You are not paying attention to the more fascinating point. I quote: "It is now estimated that the great variation in the genome of nerve cells results from changes at a late stage of fetal development and are not hereditary."
That is, not only variation, but also plasticity.
Maybe there is simply no meaning to this difference? That is, it may simply be negligible, just as there is always some variation between engines of the same manufacturer in a certain model of car (piston diameter, level of sealing, etc.) but still the car drives and there is almost no perceptible difference in performance between cars from the same production line.
Fascinating, thanks Mike
Anonymous user, according to my understanding the genetic variation in the cells of the immune system is very limited. This is not the case with neurons.
The entire system of immune memory is based on genetic variation between the cells of the immune system
יוני
In the case of a nerve injury, the information in the DNA allows for the reconstruction of the synapse pathways. So that the continuous updating of the DNA following the change of the cell structure, in the event of an injury, enables the restoration of the memory through the rebuilding of the synapses.
It is also possible that the change in the DNA was done even before the change in the cell structure, which helps the synapse easily find its way in the brain. This is one of the open questions in neuroscience, how the synapse calculates its route.
Interesting response Mike.
"It is very likely that the DNA that stores the information about the neuron will also change..."
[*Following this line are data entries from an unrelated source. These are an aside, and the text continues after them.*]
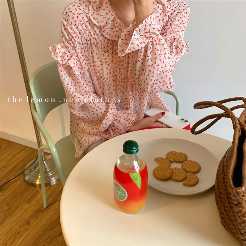 フローラルシャツ ルーズシフォンスプリングブラウス レディース ロング 春物 花柄 ビッグFスモールZ韓国94952992221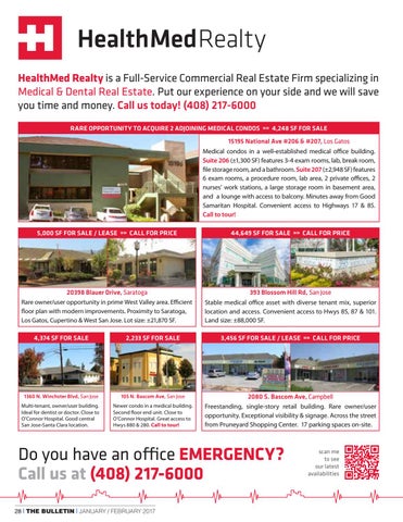 Do you have an office EMERGENCY? Call us at (408) 217-6000 28 | THE BULLETIN | JANUARY / FEBRUARY 2017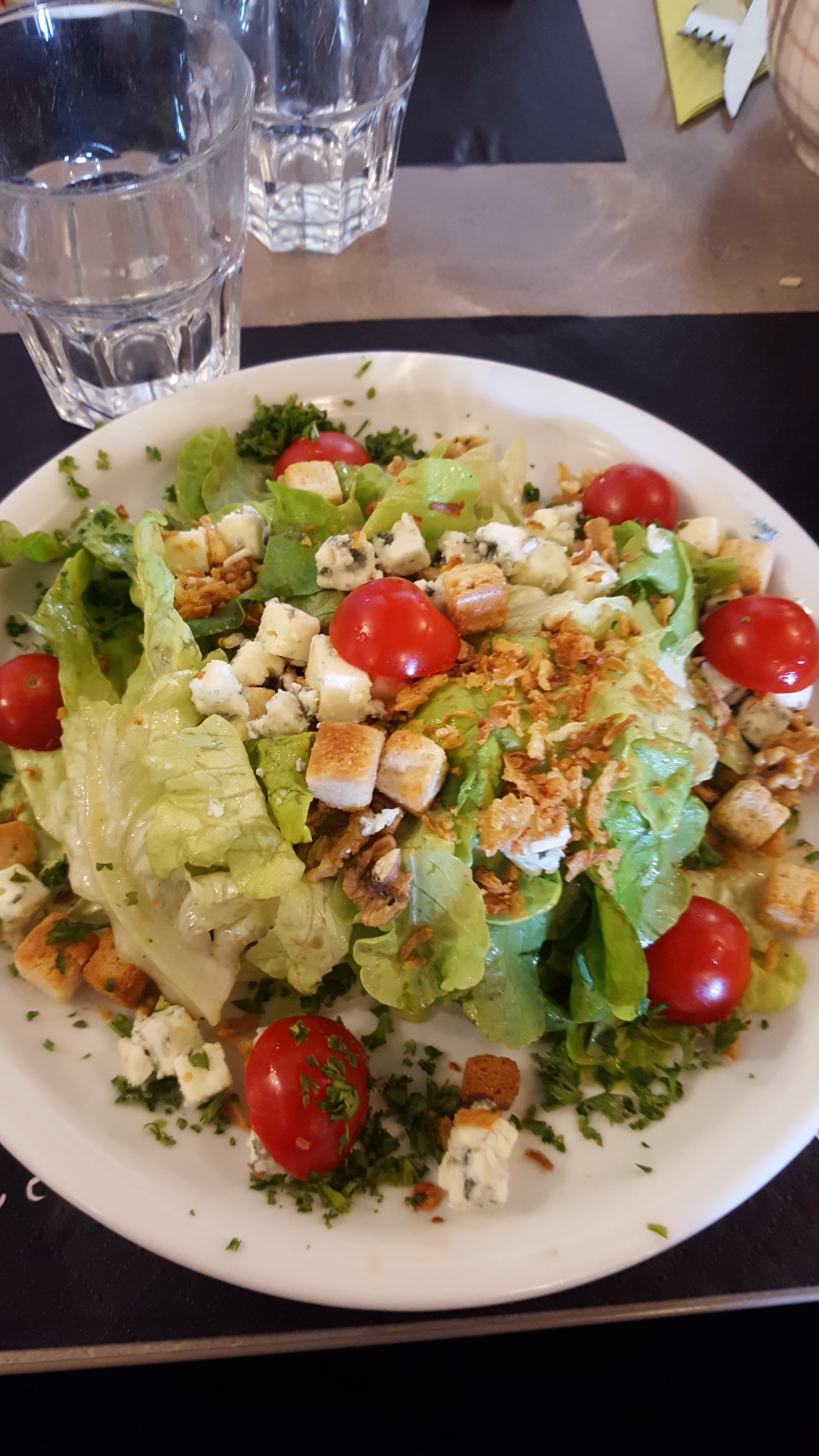 Excellent accueil même en arrivant tard. Les salades sont copieuses. L'entrecôte est bien préparée. Bonne crème brûlée.

Why is this assumption reasonable? Where do you think the change comes from? Mutation?
Why would the DNA in a neuron cell have a higher mutation rate than the rest of the DNA in the body?
I thought so and I'm glad to see I was right. If we take into account that neurons, unlike other cells, are plastic and change all the time, and no two are alike in terms of the number of synapses, and their weight, what's more, in the case of neurons, the location and specific connections of each neuron are also important. It is also very likely that the DNA that stores the information about the neuron will constantly change in certain parts.
In the future we may be able to collect the DNA of all the neurons from a dead person, and with their help revive the brain.